Why Thief's DualShock 4 Features Are Better Than Any Other Game We've Seen


Being a stealth game, a lot of focus is put on the lighting mechanics – stay in the shadows and the ‘light gem’ in the corner remains dull, become exposed and the gem gleams. On the PS4 build of the game, this effect is replicated on the DualShock 4 – the LED turned white and illuminated pretty much the whole room we were playing in after a guard exposed our location.


“There’s a pretty powerful light source in that thing,” lead level designer Daniel Windfeld Schmidt told us after our hands-on, “if you’re sitting in a dark room, and you go into the light, you’ll feel /your/ whole room light up as if it’s happening around you. I think that really helps the immersion.”


He’s right, it does. When you’re sneaking through a mansion, say, and the tension is ramping up as more and more guards patrol the area you’re sleuthing around you want to keep your eyes fixed on the centre of the screen, or on your objective, or on that shiny bit of loot on that nearby table. You don’t want to keep flicking your eye to the corner of the screen, checking this obtrusive HUD element.

 Why Thief's DualShock 4 Features Are Better Than Any Other Game We've Seen

“We want the player to respond to the feedback naturally,” explains Thief’s director, Nicolas Cantin, “we’ve got the light gem, and we’ve got the black cloak around the edge of the screen when you’re in the shadows, and it’s all very subtle. But when we saw the feedback from the controller, we were like yeah, that’s it!’”


Why Thief's DualShock 4 Features Are Better Than Any Other Game We've Seen
Thief is the best use of the light bar we’ve seen, by a long way. You’d think a flash of light bouncing off anything reflective in your play area would put you off – snapping you out of the game – but exactly the opposite happens. Because the white light is ambient, your brain registers you’re exposed without any active thought. It adds a depth to the game that some may find gimmicky, but that we genuinely found innovative.

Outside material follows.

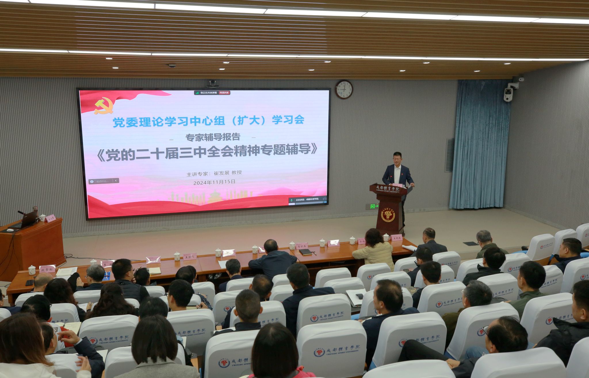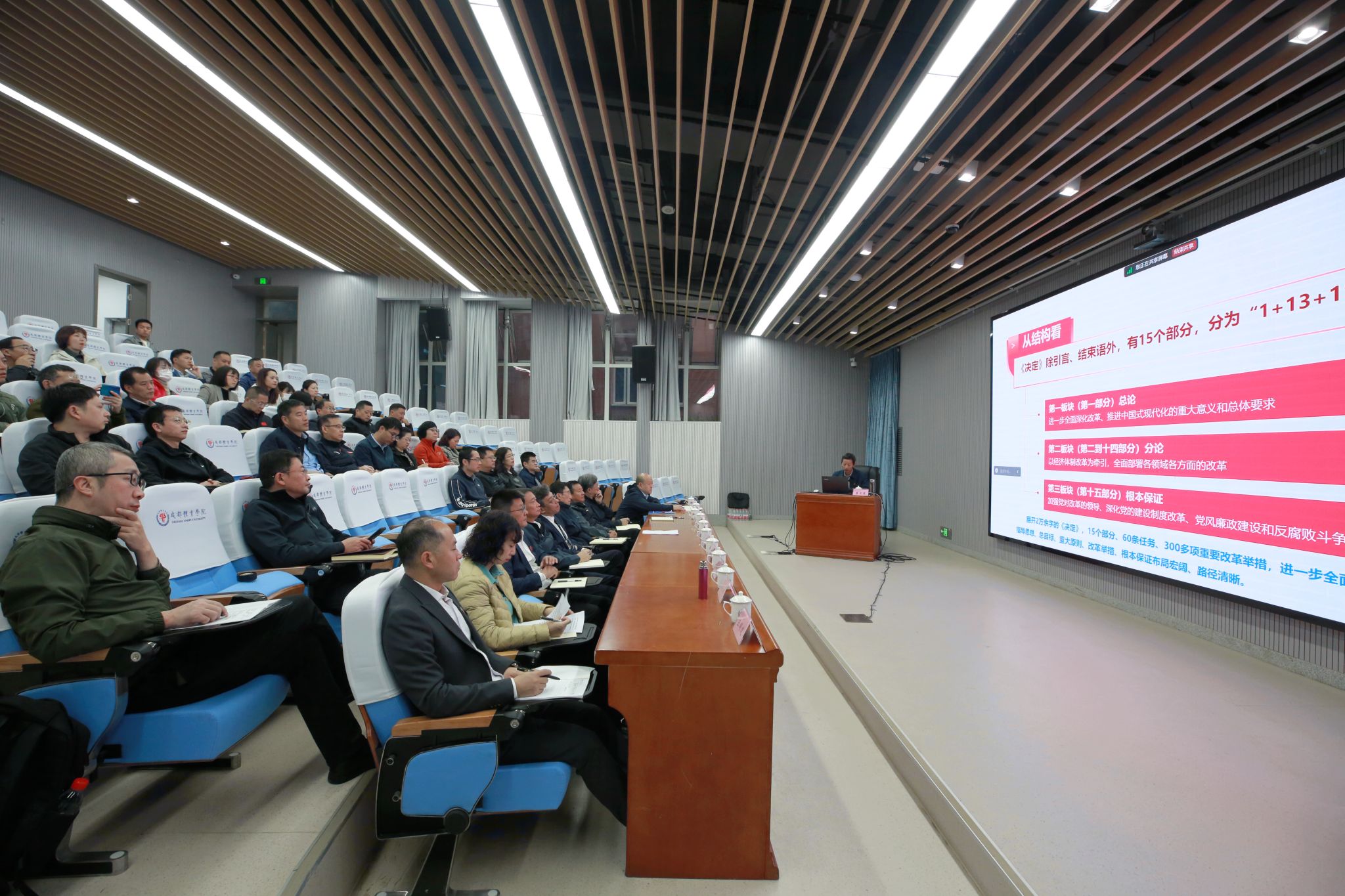 会议特邀四川省委宣讲团成员、西南石油大学马克思主义学院院长崔发展教授作党的二十届三中全会精神专题辅导报告。崔教授从深刻把握党的二十届三中全会的重大意义、深刻把握党的二十届二中全会以来党和国家事业取得的重大成就、深刻把握进一步全面深化改革的总体要求、深刻把握进一步全面深化改革的重大举措、深刻把握抓好全会精神贯彻落实的基本要求等五个方面全面解读党的二十届三中全会精神。

“We did research into how the player’s works,” explains Windfeld Schmidt, “and

the central vision is very keen to detail, and your peripheral vision is very keen to change. After a while, if something changes in the environment around you, you just know that without looking at it.”

It’s clear that the developers of the game are keen to push the boundaries of what next-gen hardware can do. We were dubious of the inclusion of the light bar when we started playing (in fact, we were going to turn it off before the developer insisted we keep it on), but – after seeing what it can add to the game’s generally tense ambiance – we’re excited to see more experiments with system specific hardware in the future.